The hidden optimisation potential in the business models of institutional investors

The hidden optimisation potential in the business models of institutional investors
Four strategic objectives to generate maximum impact With ongoing challenges such as interest rates, inflation, volatile markets, and changing requirements, institutional investors are under increasing pressure to respond proactively.

To address these issues, firms have focused on digitalising system infrastructure and operational processes, but in these scenarios it’s important for them to consider maximum optimisation – even if the area of focus isn’t a prominent area of the business.

For example, insurers often focus digitalisation efforts on B2C, and deprioritise areas such as accounting and analytics.

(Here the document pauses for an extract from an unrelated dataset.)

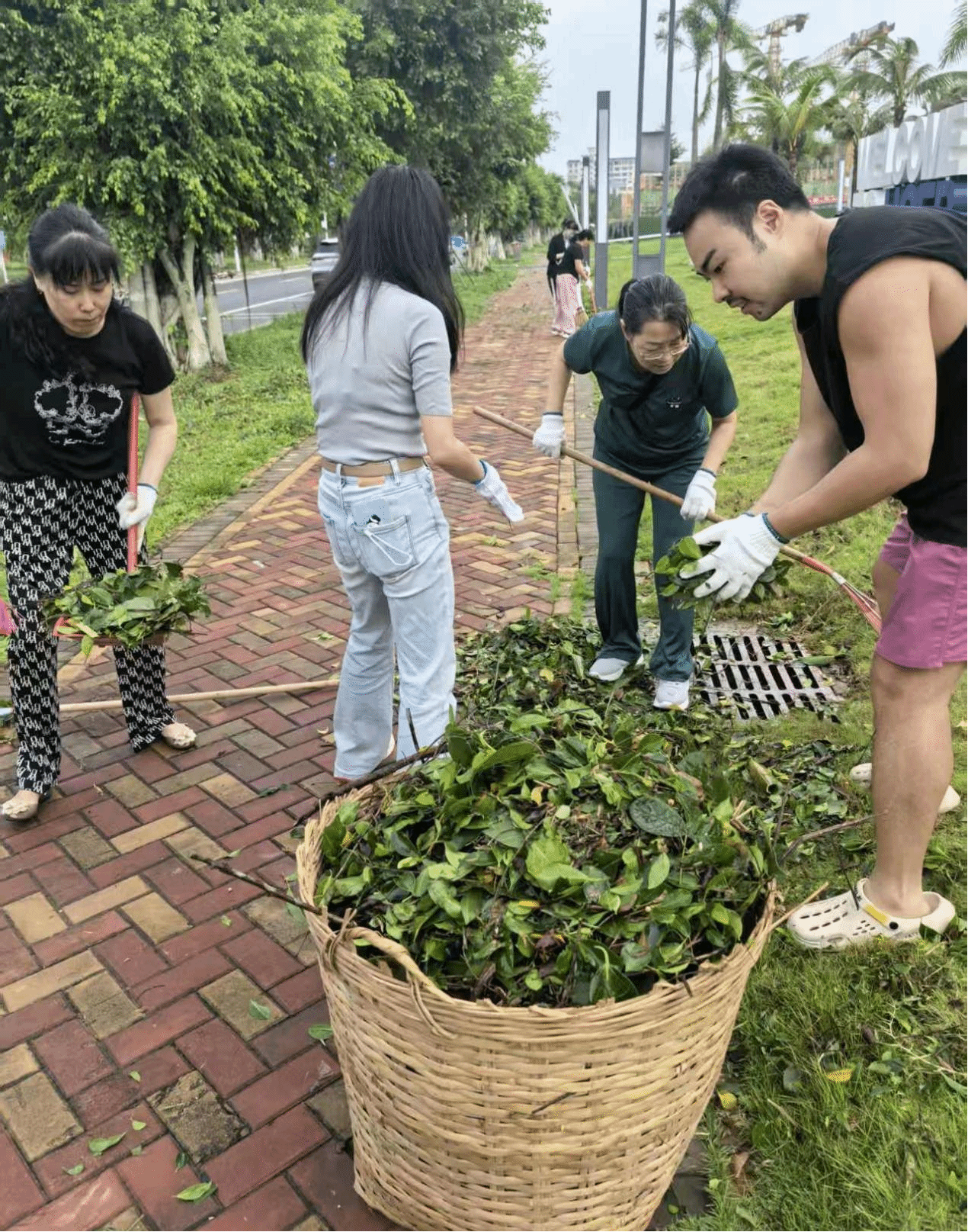 ▲台风灾后齐心清扫校园、宿舍走访排查隐患、暖心关怀学生,每一步都是护校园安稳、暖师生心间的行动
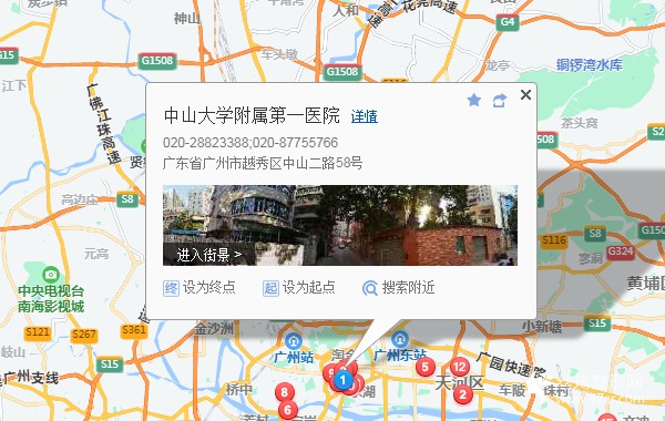 广州南站110米向东步行 到 广州南站11站乘 地铁2号线 (嘉禾望岗方向) 到 广场4站乘 地铁6号线 (香雪方向) 到 东山口3口 出站540米向西北步行 到 中山大学附属第一医院

The risk in this approach is missing areas that could generate sustainable long-term benefits.

Consequently, despite comprehensive investment accounting requirements, insurers still rely on software installed on-premises and managed in-house.

1. Quality improvement

The significant improvement of data quality and consistency across the entire investment lifecycle, including reporting, should be a key objective of any IT optimisation project. Using the latest technology, including scalable and flexible infrastructure, will ensure reliable and consistent data and enable fast responses to changing requirements.

2. Optimised data output

Optimisation of data output must be an objective on its own as it represents the usability of the improvements being applied. The data output must include flexible delivery methods so a provider can offer reports in various formats and be able to import raw data via standardised interfaces into different downstream systems.

3. Cost reduction

The main objective of any optimisation project should be a reduction of the total cost of ownership (TCO) of the operating model, achieved through a leaner system infrastructure, optimised use of resources and a targeted make-or-buy-strategy. It’s critical to include both direct and indirect cost in any review.

In negotiations with providers, clients should aim to receive a simple all-inclusive fee model without any hidden costs, when dealing with cloud providers – specifically separate fees for implementation, software releases or new product functionality. The client should also factor in any additional services received from the vendor that could eliminate or reduce manual processes and the associated costs.

4. Increased efficiency

Any optimisation project should increase the overall degree of automation, thus making the business model more scalable and flexible. Market-leading platforms make it possible to adjust business models quickly, as client requirements evolve (for example, investments in new asset classes, products or markets). They are also easily scalable, without the need to significantly increase headcount. A benefit of reducing manual processes is often a higher level of satisfaction across the workforce, as staff members can move from relatively simple and unfulfilling activities to value-added tasks.

Overall, the conclusion is that finance executives – and their teams – must take a close look at their infrastructure. There is hidden potential to improve quality and reduce costs in areas where you wouldn’t normally expect them, and that potential will be much more significant than you think.